Just grey rock the biotch. You do for skiddos because you want to benefit THEM and help SO. You will NEVER get ANY appreciation from BM.
I love the term grey rock. I
I love the term grey rock. I looked it up and that's essentially what I've been going for, but it's a good image to go back to if I'm feeling fired up.
You're so right about never getting any appreciation from BM. I've never expected it. But when I reflect I'm always a bit stunned at the lengths she's going to stay in the position she's in towards me.
Do you know what I see in
Do you know what I see in your story? MAJOR JEALOUSY. Just sit back and relax and know that this woman does everything she does, simply because you exist. Also, thank the stars your BF sticks up to her and enforces. Most of the reason this site exists is because most DH's/BF's can't do that.
The BM2 I deal with is like that but extremely covert. She wouldn't look like a fool in front of anyone. She's more a snake coiled up in the grass, plotting her next move. I was ok with the jealousy bit, it was the trying to win DH back just so that I couldn't have him that grinded my gears.

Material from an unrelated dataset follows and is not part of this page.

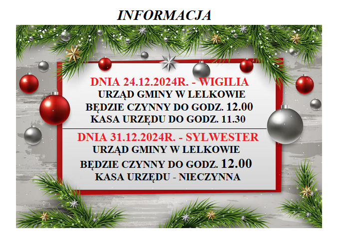 Wersja obowiązująca z dnia 10-12-2024 09:34:26 Drukuj Informacja o godzinach pracy Urzędu Gminy Lelkowo w dniach 24 i 31 grudnia 2024r.

After 7.5 years of being told no from DH, I sent a nice long message to BM2 directly. Listing and clearly proving I knew all along about the homewrecking covert games she had been playing. Funny how once she knew that I knew, it shut her up. With the exception of her trying to get SS on her side, which doesn't work because autism doesn't understand subtlety, she's pretty much a non-issue now.
Interesting! Wow I've always
Interesting! Wow I've always wanted to send BM a piece of my mind. That had to have felt good. At a certain point, it's got to be understandably warranted if we're pushed and pushed for years and years to snap.
I already know if I were to write to the BM I deal with she would just come back with making the situation a lot worse. Saying worse insults, doing extreme things like RTO against me, just because she can.